G-20 communique jettisons promise to avoid protectionism — The outcome of the Friday-Saturday G-20 meeting of finance ministers and central bankers in Baden-Baden came out about as expected.  The Trump administration was successful in getting the G-20 in its communique to drop its previous promise to “avoid all forms of protectionism.”  The market generally knew that was coming due to media reports last week.  The markets are more worried about actions than communique language.  Otherwise, the markets seemed to be generally satisfied with Treasury Secretary Mnuchin’s first outing on the international stage.

Overseas focus is on French politics and Brexit — With the Dutch election now over, attention has shifted squarely onto the French presidential election (April 23 and May 7).  There will be a televised debate on Monday night among the top five candidates.

Independent centrist Emmanuel Macron over the weekend extended his odds of being the next French president to a new high of 68% from 61% before last Wednesday’s Dutch election, according to PredictIt.org.  Meanwhile, the odds for far-right National Front leader Marine Le Pen dipped to 29% over the weekend from 34% before last Wednesday’s Dutch election where far-right populist Geert Wilders was soundly beaten by the establishment Liberal party.  Ms. Le Pen’s odds are currently at the lowest level since the PredictIt.org opened betting on the French election in November 2016.  Ms. Le Pen’s odds reached their highest level of 44% in November 2016.

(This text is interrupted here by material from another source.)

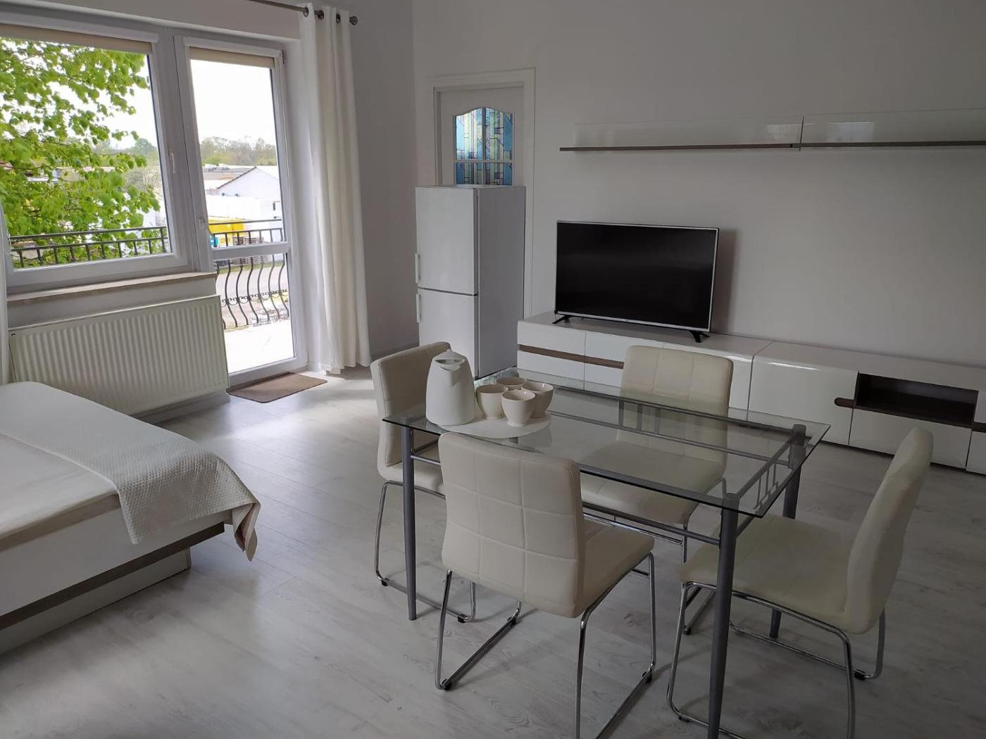 Apartament z balkonem. The apartment has 1 bedroom and 1 bathroom with a bath. Boasting a balcony with garden views, this apartment also offers a wardrobe and a flat-screen TV. The unit has 3 beds and 1 futon. Apartament - 5 osobowy. Powierzchnia pokoju ok.: 40 mkw.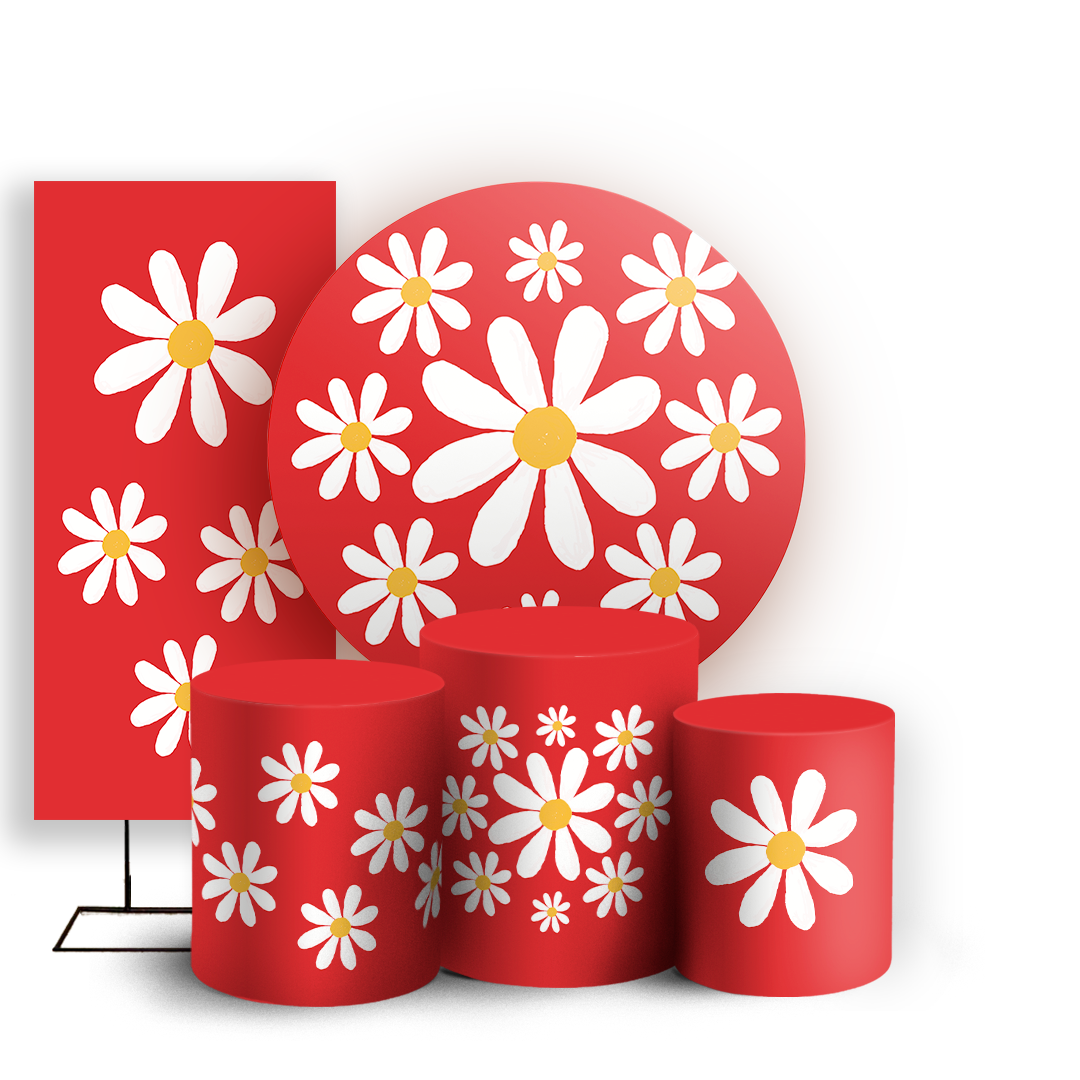 KIT Redondo Trio e Faixa Sublimado 3D - Flor Margarida

Meanwhile, UK Prime Minister May now has the authority to officially declare Brexit at any time but will reportedly wait until next week.  That will kick off the 2-year negotiation period for the UK’s exit from the EU.

U.S. markets reset the countdown to the next Fed rate hike — The markets took in stride last week’s 25 bp Fed rate hike and were pleased that the Fed stuck with its forecast for three rate hikes per year through 2019 rather than jacking that up to four hikes per year.  The market is not discounting a 100% chance of the Fed’s next rate hike until the Sep 19-20 meeting.

The S&P 500 index in the past 2-1/2 weeks has been consolidating mildly below the record high posted on March 1.  U.S. stocks continue to be supported by the improved economy, expectations for a sharp improvement in SPX earnings growth to +11% this year from negligible growth in 2015-16, and expectations for an eventual cut in corporate tax rates.

We look for earnings growth and expectations for reduced corporate tax rates to provide continued support for U.S. stocks.  However, there are still potentially serious downside risks for U.S. stocks that include the slow progress of the Republican agenda and the possibility that the Trump administration might suddenly announce protectionist trade policies.  It would be a positive for stocks if Speaker Ryan can push his Obamacare proposal through the House this week because he will then be able to start working on corporate tax reform while the Senate takes its time considering Obamacare.

Another potential concern is whether GDP growth is slowing down in Q1.  The Atlanta Fed’s GDPnow Q1 GDP tracking estimate has fallen to +0.9%, although the NY Fed’s tracking estimate (which takes into account sentiment) is substantially stronger than +2.8%.

The 10-year T-note yield last week fell back to the 2.50% area from the high of 2.63% seen before last week’s FOMC meeting.  The T-note market continues to closely track changes in expectations for Fed policy.  With Fed policy on hold for at least the next two months or so, there may not be much reason for T-notes to move in the next several weeks, assuming stability in stocks and crude oil.  The T-Note VIX index (TYVIX) last Friday fell to a 5-month low of 4.34.